Attendance in 15.053 is not required, but it is strongly encouraged. In past semesters, students attending class regularly found the subject material much easier to learn, and performed better on the midterms and exams. Regardless of whether a student is able to attend a class, he or she is fully responsible for the material covered in the class, some of which may be covered in a different manner than in the book.

Students attending class should do their best to arrive on time. A student arriving late may disrupt the flow of the class, and (depending on his or her attitude) may signal a lack of professional respect. Similarly, students should not leave class early, except when unavoidable. A student who has a conflict at the beginning of a class should E-mail Professor Orlin in advance of the class. Similarly, a student who has a conflict at the end of the class should alert Professor Orlin of his or her need to leave early.

Office Hours and Recitations

Office hours for the TA and for the Professor will be arranged early in the semester and put on the web site.

Recitations will be held on a weekly basis, and will meet in the classroom from 2:30 to 4:00 on Fridays. Recitations are optional, and are not intended for the presentation of new material.

On the Wednesday prior to each recitation, we will hand out a list of problems to be covered during the recitation, and any other topic to be covered in recitation. In general, the recitation problems will be similar to the ones covered on the assignment for that week, although there may be some additional topics covered as well, for example, the use of Excel Solver plus Ad Ins.

Policy on Individual Work

Students may work in groups, but the write-up of the homework should be individual responsibility. Students should not share written answers, and it is not permitted for one student to copy (or nearly copy) the answer of someone else.

A student receiving substantial help from a classmate should list this help on the first page of his or her homework set. (There is no reduction in scores or points for receiving help.)

Medical Excuses and Family Emergencies
There are times in which a student must miss homework sets and/or exams because of a medical situation or a family emergency.

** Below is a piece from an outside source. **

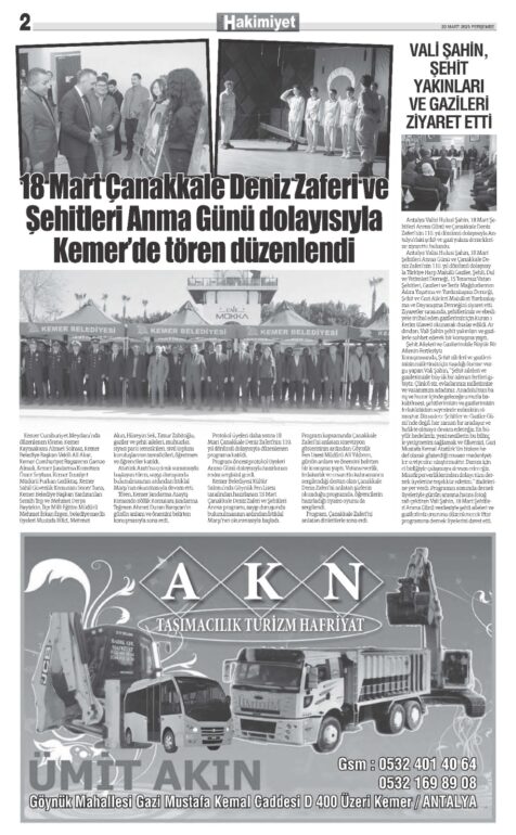20 MART 2025 KEMER HAKİMİYET GAZETESİ

If either of these situations arise, the student should discuss the matter at the earliest possible time with (1) his or her academic advisor, (2) a counseling dean, if appropriate, (3) with Professor Orlin.
Sloan Professional Standards

The MIT Sloan School is committed to creating an environment in which every individual can work and study in a culture of mutual respect. When making individual decisions we must keep in mind the interests of the many other stakeholders.

Consistent with the general goal of mutual respect, faculty, students, and staff are reminded to demonstrate:

  • On-time arrival to classes and presentations, with uninterrupted attendance for the duration
  • On-time initiation and termination of classes and presentations
  • Maintenance of a professional atmosphere. This includes, but is not limited to:
    • Using respectful comments and humor
    • Employing appropriate manners and decorum, especially when food and drinks are served
    • Utilizing computers and technology suitably (e.g., silencing wireless devices, no web-browsing or emailing)
    • Refraining from distracting or disrespectful activities (e.g., avoiding side conversations and games)
  • Fulfillment of engagements with recruiters and speakers, or timely notification of cancellation
  • Courtesy towards all guests, hosts and participants at any activity associated with the Sloan community
  • Observance of the most conservative standards when one is unsure about which norms apply

These points offer specific illustrative examples to encourage broader reflection of each individual's impact on the Sloan community.

Upholding these expectations and the standards upon which they are based is a shared right and responsibility for all faculty, students and staff at the Sloan School. As a learning and professional community, we seek and deserve no less.